John Lycett (1804-1882) was an English paleontologist. He was a physician at Minchinhampton from  c.1840-1860. In 1860 he moved to Scarborough in Yorkshire and the "wide dispersal of his magnificent collection of fossils from this area [quarries on Minchinhampton Common ] commenced". His monograph on the Great Oolite is one of just a handful of monographs describing and illustrating the British Jurassic gastropod and bivalve fauna.

He was awarded the Lyell Medal by the Geological Society of London in 1882.

Works 
1851-1854 with the geologist John Morris A monograph of the Mollusca from the Great Oolite.
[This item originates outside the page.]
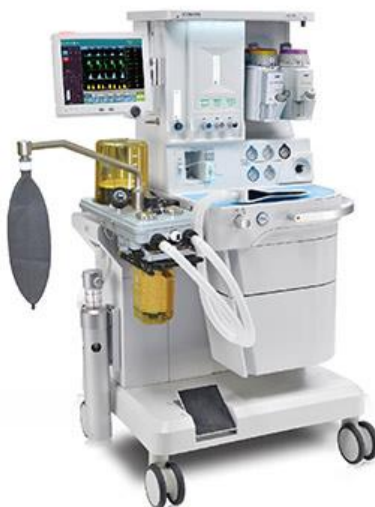
Slika 5. Aparat za anesteziju

Vrlo je bitno prije samog uvoda u anesteziju dobro namjestiti sve potrebne dijelove anesteziološkog uređaja, staviti kanilu u venu te postaviti infuziomat i sustav za protok tekućina. Treba pripaziti da anesteziološki uređaj ne smeta pri pomicanju rendgenskog uređaja (Slika 5).

Volume 1, Chiefly from Minchinhampton and the coast of Yorkshire (in three parts published between 1850 and 1854, covering cephalopods, gastropods and worms as well as bivalves).
1863 with John Morris A Monograph of the Mollusca from the Great Oolite Supplement - Volume 2: Mollusca from the Stonesfield Slate, Great Oolite, Forest Marble, and Cornbrash.  
1857 The Cotteswold Hills. Hand-book introductory to their geology and palaeontology. Piper, Stephenson and Spence, London.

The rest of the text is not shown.